Tuesday 4th April at 8pm
West Beirut [West Beyrouth (À l'abri les enfants)]     France / Lebanon / Belgium / Norway 1998  |  110 mins  |  15
Beirut, April 1975. As what will become the Lebanese civil war breaks out, troublesome high school students Tarek and Omar see the hostilities less as mortal danger than an opportunity for further mischief and adventure. Vivid and energetic, this semi-autobiographical debut feature from director Ziad Doueiri at times plays like an unsentimental Lebanese take on John Boorman’s Hope and Glory.

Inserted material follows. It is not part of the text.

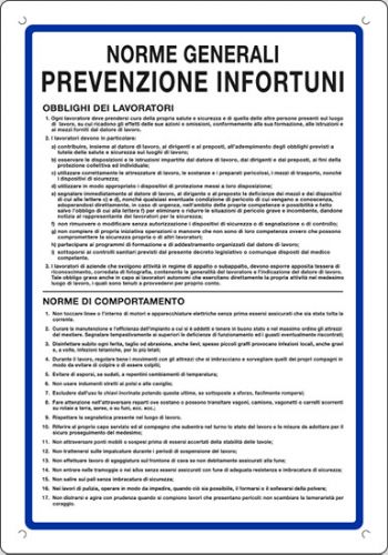 Cartello in polionda cm 60x40 NORME GENERALI PREVENZIONE INFORTUNI OBBLIGHI DEI LAVORATORI NORME DI COMPORTAMENTO

Shot in documentary style with a well judged comedic edge, West Beirut is a remarkably confident first film – wry, touching and poignant and boasting some terrific performances from its young cast.

Tuesday 11th April at 8pm
Alice et Martin     France / Span / USA 1998  |  124 mins  |  15
Encouraged by his mother to visit the father he has never met, ten-year-old Martin ends up living with him and his three half-brothers. Ten years later his father dies and Martin flees to Paris to seek out his half-brother Benjamin, whose flat-mate Alice he begins a relationship with. But Martin carries with him anxieties about his past that he is reluctant to discuss, and one day an announcement from Alice proves the trigger to release them. Co-scripted by Irma Vep director Olivier Assayas and impressively played by Mathieu Amalric and Juliette Binoche, this thirteenth feature from Les Voleurs director André Téniché is a masterful examination of male development and growth in which repressed emotions lead to crisis and eventual maturity. Told with compassion and insight, the film succeeds through its confident direction and the rich detail of its characterisations.

Tuesday 18th April at 8pm
Tango     Argentina / Spain / France / Germany 1998  |  115 mins  |  12
In Buenos Aires, director Mario Suárez, seeking distraction after his girlfriend leaves him, immerses himself in his next production – a musical film about the tango. Suárez juggles the demands of his backers with his own artistic integrity and complicates matters further by falling for the dancer girlfriend of one of the production’s more dangerous investors. This latest work from Spanish director Carlos Saura continues his fascination with the hypnotic beauty of dance first explored in 1981 in the superb Blood Wedding, imaginatively blurring fact and fiction as the storyline gradually becomes secondary to the sensual power of the tango itself. The result is an extraordinary sensory delight that celebrates life and art in equal measures.